The list was long and included such things as health, love, talent, power, wealth, and fame.
He showed the list around, asking others for their opinion. A wise, old friend of the young man’s family looked the list over and said, Joshua this is an excellent list.
It is set down in a reasonable order. But it appears, my young man, that you have omitted the most important element of all.
You have forgotten one ingredient, lacking which, each possession becomes a hideous torment, and your list as a whole an intolerable burden.
And what is that missing ingredient? Joshua asked. The wise, old friend replied by taking a pencil and crossed out Joshua’s entire list. Then he wrote down three words: Peace of Mind.
That young man, Joshua Liebman, later became the author of the inspiring book which has sold millions of copies.
Peace of Mind answers a vital need. It correlates discoveries in the science of psychology with the eternal verities which have been handed down by generations of prophets and great religious leaders. Dr. Liebman explores the many facets of human emotions and reveals how, in the inward quest for peace of mind, the penetrating visions of psychology are an indispensable ally.
In his “word to the reader”, Dr. Liebman wrote: “Many men far wiser than I are at work today planning social and economic change. For their creative labors, every thinking person must be grateful. We must join with them in the struggle to obtain a common victory for economic, industrial, and political democracy through the world. At the same time it should be recognized that the healthier society must be built by healthier human beings!
“The average person is at moments consumed with feelings of guilt about his relations to those closest to him; he wants to love people but feels withdrawn, rigid, and somehow frozen. At other moments he grows afraid without knowing exactly why he is afraid; he is particularly confused and unhappy when he faces the loss of a loved one or confronts the thought of his own death.

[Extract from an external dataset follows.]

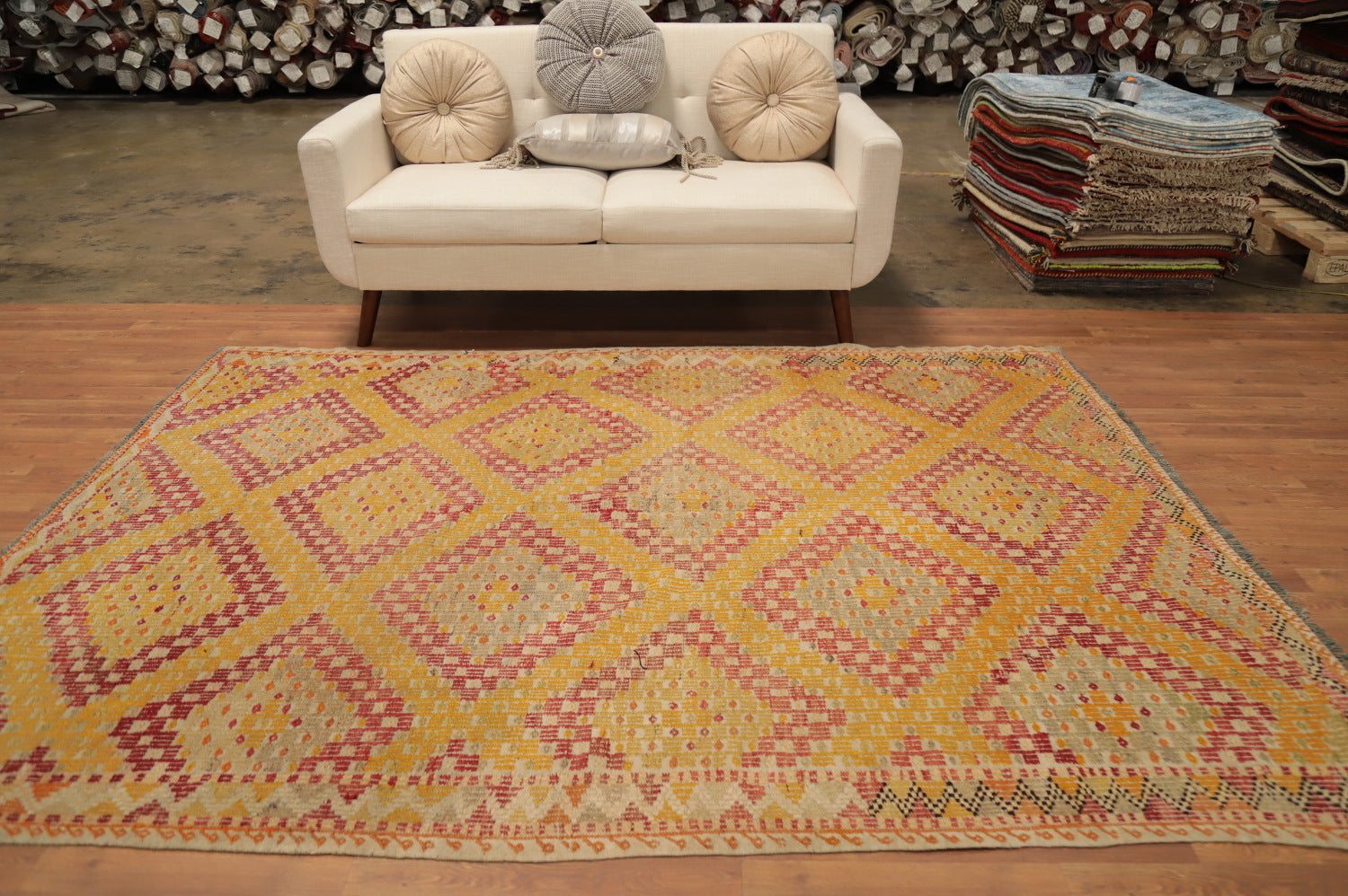 Vegetable Dye Kilim Geometric Area Rug 6x8

“Many religious books only conspire to make him feel more guilty and more sinful while many psychological books, although trying to reassure him, merely add to his inner confusion by making him feel somehow that he is a ‘case history’ in abnormal psychology. People keep their troubles and worries often too much to themselves because they do not know where to turn for wise guidance.
“Personal experience plus rich and varied contacts in my ministry led me to believe that a book written by a religionist explaining just what modern psychology has discovered about human beings, why we sometimes hate ourselves and hate others, why we grow afraid, why we lose faith in life and a God, might be of real help to perplexed moderns. This science also tells us what we can do to change ourselves and our mental attitudes in relation to our own personalities and in inter-relations with other human beings.”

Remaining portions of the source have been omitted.